Switching providers at runtime

from autourgos_responses import OpenAIResponse

PROVIDERS = {
    "openai": {
        "model": "gpt-4o-mini",
        "api_key": "sk-...",
        "base_url": None,
    },
    "groq": {
        "model": "llama3-8b-8192",
        "api_key": "gsk_...",
        "base_url": "https://api.groq.com/openai/v1",
    },
    "ollama": {
        "model": "llama3",
        "api_key": "ollama",
        "base_url": "http://localhost:11434/v1",
    },
}

for name, cfg in PROVIDERS.items():
    llm = OpenAIResponse(**cfg)
    reply = llm.invoke("Say hello in one word.")
    print(f"{name}: {reply}")

# openai: Hello!
# groq:   Hello!
# ollama: Hello!

Quick Start

from autourgos_responses import OpenAIResponse

llm = OpenAIResponse(model="gpt-4o")
reply = llm.invoke("What is the capital of France?")
print(reply)
# Paris

Basic Text Generation

from autourgos_responses import OpenAIResponse

llm = OpenAIResponse(
    model="gpt-4o",
    api_key="sk-...",        # or set OPENAI_API_KEY env var
    temperature=0.7,
    max_tokens=256,
)

reply = llm.invoke("Explain machine learning in one sentence.")
print(reply)
# Machine learning is a branch of AI where systems learn from data
# to make predictions or decisions without being explicitly programmed.

Async Generation

import asyncio
from autourgos_responses import OpenAIResponse

llm = OpenAIResponse(model="gpt-4o")

async def main():
    reply = await llm.ainvoke("What is the speed of light?")
    print(reply)
    # The speed of light in a vacuum is approximately 299,792,458 metres per second.

asyncio.run(main())

Streaming

Stream the response token by token synchronously.
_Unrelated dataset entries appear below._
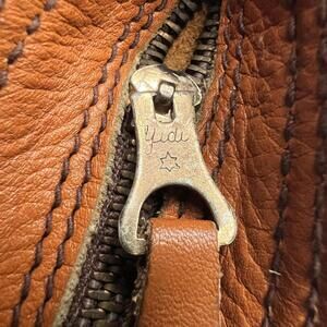 Color: Brown leather exterior with matching wrist strap and gold tone hardware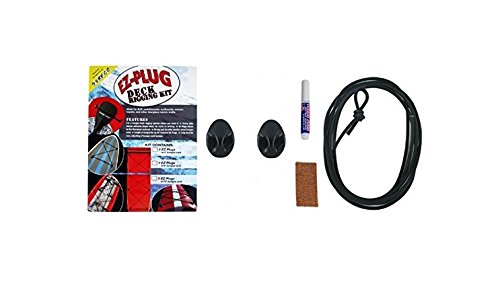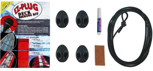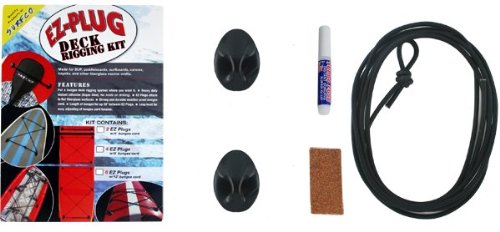 Studio : Surfco Publisher : Surfco Product Description Made for SUP, paddleboards, surfboards, canoes, kayaks, and other fiberglass marine crafts. The EZ-Plug Deck Rigging Kit helps you put a bungee deck rigging system where you want it. The kit includes EZ Plugs, super glue, bungee cord, and instructions. Loop knot the end for easy adjusting of bungee cord tension. Attaches to flat fiberglass surfaces. NO TOOLS OR DRILLING. 0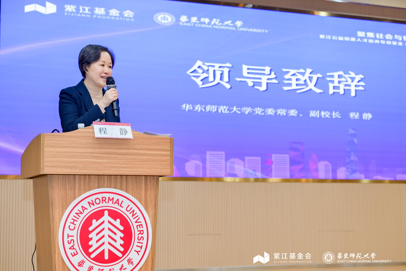 程静在致辞中指出,在全球化和数智化的社会发展浪潮下,拥有社会与情感能力这项“软技能”对人的幸福成长和发展创造愈发重要。程静总结回顾了beat365英国官网网站与上海紫江公益基金会的多项优秀合作成果,强调本次论坛对于探讨公益慈善教育新思路、新方法的重要意义,并希望以此为契机进一步推动学校卓越育人和公益人才培养、为国家公益事业发展提供“师大方案”。

from autourgos_responses import OpenAIResponse

llm = OpenAIResponse(model="gpt-4o")

for chunk in llm.stream("Write a haiku about mountains."):
    print(chunk, end="", flush=True)

# Silent peaks above,
# Clouds drift through the ancient stone,
# Eagles trace the wind.

You can also enable streaming at construction time so invoke() internally streams and returns the full joined text:

llm = OpenAIResponse(model="gpt-4o", streaming=True)
reply = llm.invoke("Tell me a fun fact about space.")
print(reply)
# A day on Venus is longer than a year on Venus — it takes 243 Earth days
# to rotate once but only 225 Earth days to orbit the Sun.

Async Streaming

import asyncio
from autourgos_responses import OpenAIResponse

llm = OpenAIResponse(model="gpt-4o")

async def main():
    async for chunk in llm.astream("Count prime numbers up to 20."):
        print(chunk, end="", flush=True)
    # 2, 3, 5, 7, 11, 13, 17, 19

asyncio.run(main())

Batch Invocation

Synchronous (sequential)

from autourgos_responses import OpenAIResponse

llm = OpenAIResponse(model="gpt-4o-mini")

prompts = [
    "Capital of Japan?",
    "Capital of Germany?",
    "Capital of Brazil?",
]

results = llm.batch_invoke(prompts)
for prompt, result in zip(prompts, results):
    print(f"{prompt} -> {result}")

# Capital of Japan?   -> Tokyo
# Capital of Germany? -> Berlin
# Capital of Brazil?  -> Brasilia

Async (concurrent)

import asyncio
from autourgos_responses import OpenAIResponse

llm = OpenAIResponse(model="gpt-4o-mini")

async def main():
    results = await llm.abatch_invoke([
        "Capital of Japan?",
        "Capital of Germany?",
        "Capital of Brazil?",
    ])
    print(results)
    # ['Tokyo', 'Berlin', 'Brasilia']

asyncio.run(main())

System Instruction

Set a persistent system prompt sent as the instructions field of every request.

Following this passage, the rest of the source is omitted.